И остался товарищ курящий -
смотрит, как вымирающий ящер.
Да не вымрет, поправится,чать,-
сочиненьями жизнь начинять.


***

Улягусь и выдохну этот день.
Прощай, уходи, стихай...
В утекшую реку сигай, таймень!
Непойманный мной, -тикай!..

Отбыл, отсидел, откорпел, как раб...
Вся жизнь из сплошных лакун.
Сбегай от меня, беззаботный краб,
в зеленый восторг лагун!

Жар-птица халявы, где был твой хвост?
Схватил бы - и жил, как бек.
Но мне дороже - он туп и прост-
друг - жареный кукарек!

Хребет мой стертый - усталость спрячь,
в постели оцепенев.
И ты усни, проводник удач, -
седалищный крепкий нерв.

Расслабтесь, шейные позвонки.
Кончаю считать овец...
Картина Репина "Бурлаки..."
Один из них спит, подлец...

***

...Сим сообщаю, что мир мой стал бел и скользок,
сир и бесплоден. Из проводов над ним
сиверко тянет грусть, как из скрипки - Ойстрах.
Нудный трехфазный тмутараканский гимн.

Окна твои... Вспоминаю миганья светом.
Лампой настольной, шутя, семафорил "SOS"...
Сим сообщаю, маяк твой захвачен смердом.
Высохло море, а флот в палисадник вмерз.

Тысяча лет, как отбыло твое семейство.
Голуби сдернулись, верные, как пажи,
вслед за тобой на последней минуте детства,
выписав на небе длинные виражи...

Пьяница Клава походкою оробелой
двор переходит, стремленья ее ясны.
Вряд ли ей хватит средств на покупку "белой".
Красным продуктом полечится от белизны.

Тысячу лет зима. И согреться нечем.
Хоть мне пятнадцать, но стар я, как вечный жид.
Да и не жид, конечно, а так себе - полунемчик...
Их бин мамут, что в мерзлотных пластах лежит.

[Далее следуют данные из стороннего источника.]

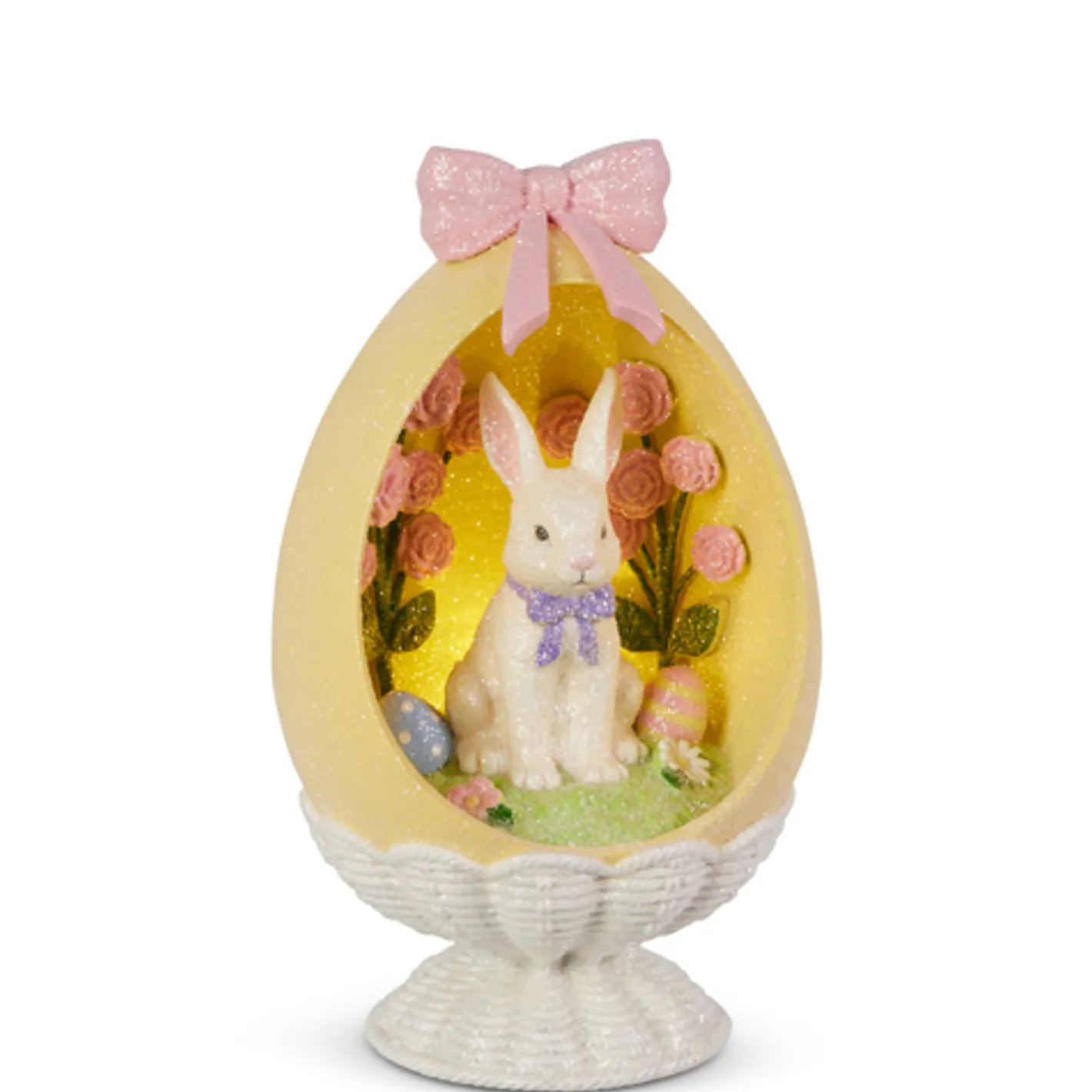 Love vintage Easter décor? This charming piece looks like a treasured find from Grandma’s collection! A bright yellow egg rests snugly in a beautifully woven white basket stand, topped with a delicate light pink bow. Peek inside the panoramic egg to find an adorable bunny with a purple bow, nestled among pink roses and colorful Easter eggs. Lightly dusted with sugar glitter, this timeless piece adds a touch of vintage charm to your mantel or holiday display! Made by Raz Imports. Made of resin. Dimensions: 7.5″ L X 7″ W X 12.25″ H.

Зря это я - глухариный поклеп заладил.
Мне о тебе бы весть- хоть придумай сам...
Где ты теперь у заливов каких зеландий,
нов ли твой Йорк и вполне ли Франциско Сан?

Знаю, где ты - там всегда синева и солнце,
винной лозою становится лебеда,
носят самбреро туманные альбионцы
и самоеды смеются, себя едя.

Сим сообщаю, что тоже уеду скоро...
Отца переводят. И мне, стало быть, за ним...
Ладно, прощай! Это все ерунда, умора –
что из зимы никому не отправил сим...

***

Август (2)

...В эти дни спокойно и дождливо.
А в саду, охваченный божбой,
август переспелого налива
бьется оземь яблочной башкой.

Будто враль, ударившись в моленье,
в коем показушно нарочит,
под ногами садонаселенья,
в почву горьким темечком стучит.

Обманул спасенье обещавший,
но и сам не смогший обрести...
Так лежи, хмельной и обнищавший,
и с последним семечком в горсти...

***

Ты не верь, что из праха - в прах.
Верь, что смертию смерть поправ...

Живы те, кто ушли навек,
у излучин небесных рек,
возле тех заревых озер,
где лазоревый белозор,
средь сияющих тех долин,
где ни веса, ни дат, ни длин.
Нам – года суеты, докук,
а у них – только краткий звук.
У нас дрязги и лязг мечей,
а у них - лишь звезда в ручей.
Наших рук невелик растяг,
а у них там – миры в горстях...

Им доступна такая вещь –
к нам придти, долететь, протечь,
речкой, дождиком ли, травой...
Но уже никогда – собой.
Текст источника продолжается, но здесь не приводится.